## D.32 Answers: Regression

Answers to exercises in Sect. 35.13.

Answer to Exercise 35.1: 1. $$b_0 = 97.499$$ (the intercept); $$b_1=0.0764$$ (the slope). 2. $$\hat{y} = 97.499 + 0.0764x$$: $$x$$ is the inlet temperature (in $$^\circ$$C) and $$y$$ is removal efficiency (in %). 3. When inlet temperature increases by 1 degree C, on average the removal efficiency increases by 0.076 percentage points. 4. $$H_0$$: $$\beta=0$$; $$H_1$$: $$\beta\ne 0$$ (two-tailed;RQ implies two-tailed test). 5. $$t = 10.742$$, which is huge; $$P<0.001$$. 6. $$0.076\pm (2\times 0.007)$$, or $$0.076\pm 0.014$$, or $$0.062$$ to $$0.090$$.

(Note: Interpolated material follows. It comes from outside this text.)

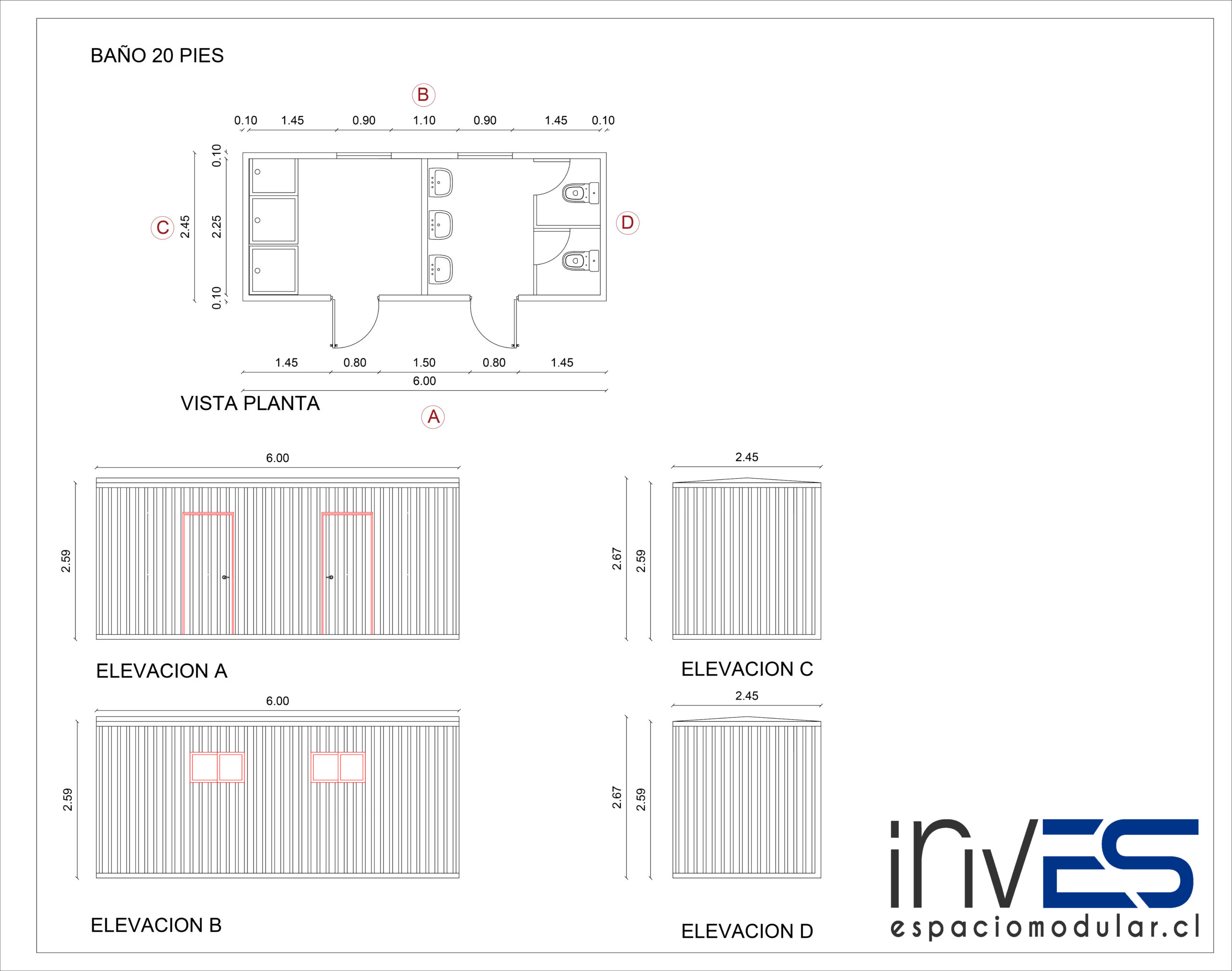 MÓDULO BAÑO+DUCHAS+VESTIDOR 20 PIES

Answer to Exercise 35.2: 1. Intercept not about 110; that’s where the line ‘stops,’ but the intercept is the predicted value of $$y$$ when $$x=0$$. We have to extend the line quite a bit. Using rise-over-run, guess slope is $$(190-110)/(180-110) =1.14$$. 2. $$\hat{y} = -3.69 + 1.04x$$, where $$y$$ is punting distance (in feet), and $$x$$ is right leg strength (in pounds). 3. For each extra pound of leg strength, the punting distance increases, on average, by about 1 foot. 4. $$H_0$$: $$\beta=0$$; $$H_1$$: $$\beta\ne 0$$. (You could answer in terms of correlations.) The question is stated as a two-tailed question, but testing if stronger legs increase kicking distance seems sensible. 5. $$t = 6.16$$, which is huge; $$P = 0.0001$$ (two-tailed). 6. $$1.0427 \pm (2\times 0.1692)$$, or $$1.0427 \pm 0.3384$$, or 0.70 to 1.4. 7. Very strong evidence in the sample ($$t = 6.16$$; $$P = 0.0001$$ (two-tailed)) that punting distance is related to leg strength (slope: $$1.0427$$; $$n=13$$).

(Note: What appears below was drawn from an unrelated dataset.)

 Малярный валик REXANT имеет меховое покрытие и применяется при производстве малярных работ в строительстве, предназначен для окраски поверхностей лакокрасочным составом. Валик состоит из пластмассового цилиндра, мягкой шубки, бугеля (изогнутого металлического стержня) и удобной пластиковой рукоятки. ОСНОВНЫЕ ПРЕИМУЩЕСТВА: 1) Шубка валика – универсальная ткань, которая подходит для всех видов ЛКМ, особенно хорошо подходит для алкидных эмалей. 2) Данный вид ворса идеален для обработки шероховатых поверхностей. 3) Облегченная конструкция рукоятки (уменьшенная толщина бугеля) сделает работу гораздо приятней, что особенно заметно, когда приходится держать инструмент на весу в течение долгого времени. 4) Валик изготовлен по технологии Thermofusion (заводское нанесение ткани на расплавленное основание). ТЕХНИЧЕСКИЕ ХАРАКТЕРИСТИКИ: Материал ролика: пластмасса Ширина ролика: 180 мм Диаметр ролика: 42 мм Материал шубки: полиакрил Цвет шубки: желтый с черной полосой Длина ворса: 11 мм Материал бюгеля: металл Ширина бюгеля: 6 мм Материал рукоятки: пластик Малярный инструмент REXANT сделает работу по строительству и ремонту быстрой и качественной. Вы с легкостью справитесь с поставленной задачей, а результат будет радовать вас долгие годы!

Answer to Exercise 35.3: 1. Way too many decimal places. $$r$$ is not relevant as relationship is non-linear. 2. Regression is inappropriate: the relationship is non-linear. 3. $$y$$ should be $$\hat{y}$$; the slope and intercept have been swapped (from the plot, the intercept for their line is about 0.4, which they give as the slope). 4. The whole thing is as dodgy-as…
Answer to Exercise 35.4: 1. $$\hat{y} = 17.47 - 2.59x$$, where $$x$$ is the percentage bitumen by weight, and $$y$$ is the percentage air voids by volume. 2. Slope: an increase in the bitumen weight by one percentage point decreases the average percentage air voids by volume by 2.59 percentage points. Intercept: dodgy (extrapolation); in principle 0% bitumen content by weight, the percentage air voids by volume is about 17.47%. 3. $$t=-74.9$$: Massive! Extremely strong evidence ($$P<0.001$$) of a relationship. 4. $$\hat{y} = 17.4712 - (2.5937\times 5) = 4.5027$$, or about 4.5%. Expected good prediction, as relationship is strong. 5. $$\hat{y} = 17.4712 - (2.5937\times 6) = 1.909$$, or about 1.9%. Might be a poor prediction, since this is extrapolation.
Answer to Exercise 35.5: 1. $$b_0$$: When someone spends no time on sunscreen application, an average of 0.27g has been applied; nonsense. $$b_1$$: Each extra minute spent on application adds an average of 2.21g of sunscreen: sensible. 2. The value of $$\beta_0$$ could be zero… which would make sense. 3. $$\hat{y} = 0.27 + (2.21\times 8) = 17.95$$; an average of about 18g. 4. About 64% of the variation in sunscreen amount applied can be explained by the variation in the time spent on application. 5. $$r = \sqrt{0.64} = 0.8$$, and need a positive value of $$r$$. A strong and positive correlation between the variables.
Answer to Exercise 35.6: 1. No. 2. Possibly; no idea of accuracy of predictions really. 3. Intercept: Weight of infant with chest circumference zero; silly. Slope: average increase in birth weight (in g) for each increase in chest circumference by one cm. 4. Intercept: cm; slope: cm/gram. 5. $$\hat{y}=2538.7$$g. 6. Too many decimal place! Regression equation implies predicting to 0.0001 of a gram. $$r$$ has too many decimal places too.